09 septembre 2020
13h30 - 17h45
Louvain-la-Neuve
Salle Ladrière, Collège Mercier, Place Cardinal Mercier, 14
What ? Opening event of the FNRS MIS Project “Explanatory inference” and first activity of the FNRS contact group OLOFOS in 2020-2021.
When ? September 9th 2020, 13:30-17:45.
Where ? Salle Ladrière, Collège Mercier, Louvain-la-Neuve, Belgium and online.
Schedule
13:30 Peter Verdée : Introduction and presentation of the MIS project
14:00 Pilar Terrés : Explanation as a substructural relation: motivations and consequences
14:45 short break
15:00 Pierre Saint-Germier : Relevance, hypothetico-deductivism, and the paradoxes of confirmation
15:45 João Daniel Dantas: A proposal of a game of why-questions
16:15 short break
16:30 Peter Verdée: A graph-theoretic criterion for relevance in formal and informal entailment relations
17:15 General debate and discussion
17:45 End of the workshop
The project
Early this year we started a new project in the research center CEFISES of the Institut supérieur de philosophie at the UCLouvain, financed by the FNRS. We were able to build an exciting team of very talented young researchers under the direction of Peter Verdée: doctoral student João Daniel Dantas and postdoctoral researchers Pierre Saint-Germier and Pilar Terrés.

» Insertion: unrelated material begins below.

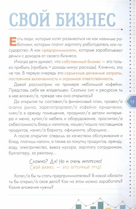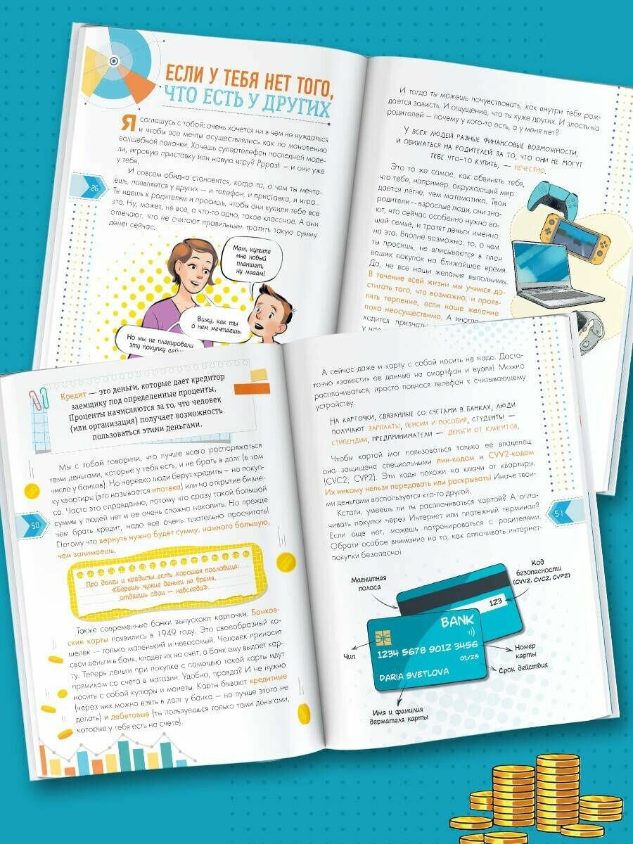 Для прочтения книга понятная. Мне понравилось то, что помимо советов, как тратить и копить(понятным языком для детей), из этой книги дочь почерпнула много новой полезной информации. Например об истории денег и налогах. Эти знания не лишние для современных школьников. В книге много картинок. Покупкой мы остались довольны. -

The project is about relevance and explanation and starts from the simple observation that, in scientific explanation, explanatory elements are always supposed to be relevant to the explanandum. It is the very existence of a proper link between explanans and explanandum that makes the explanans explanatory for the explanandum. This is not the case in standard approaches to entailment. As a simple illustration, A-or-not-A is in many standard logics considered as entailed by any arbitrary formula B. Still, formulas A and B do not need to be related at all. So how can we say that B does something (i.e. it entails) to the conclusion A-or-not-A? B is irrelevant to its conclusion. Since 1928, philosophers have proposed relevance logics, well-developed formalizations of entailment relations that do avoid such irrelevances. Beyond the project of revising logical entailment, the philosophical applications of such formalisms have hardly been explored. This is surprising given the important role inherently relevant explanatory relations play in metaphysics and philosophy of science (causal explanation, grounding, structural explanation, etc.). In these areas, relevance issues are usually solved by means of techniques that do the job for the specific problem at hand, but that do not provide any deeper insights into what this intuitive need for a proper link could be in full generality. We aim to study this phenomenon of relevance in a unified and pluralistic way, without giving up on well-established inferential principles. If relevance is about guaranteeing the presence of proper links between the entailing premises and the entailed conclusion, how can this intuition be made less mysterious and studied in a principled way ?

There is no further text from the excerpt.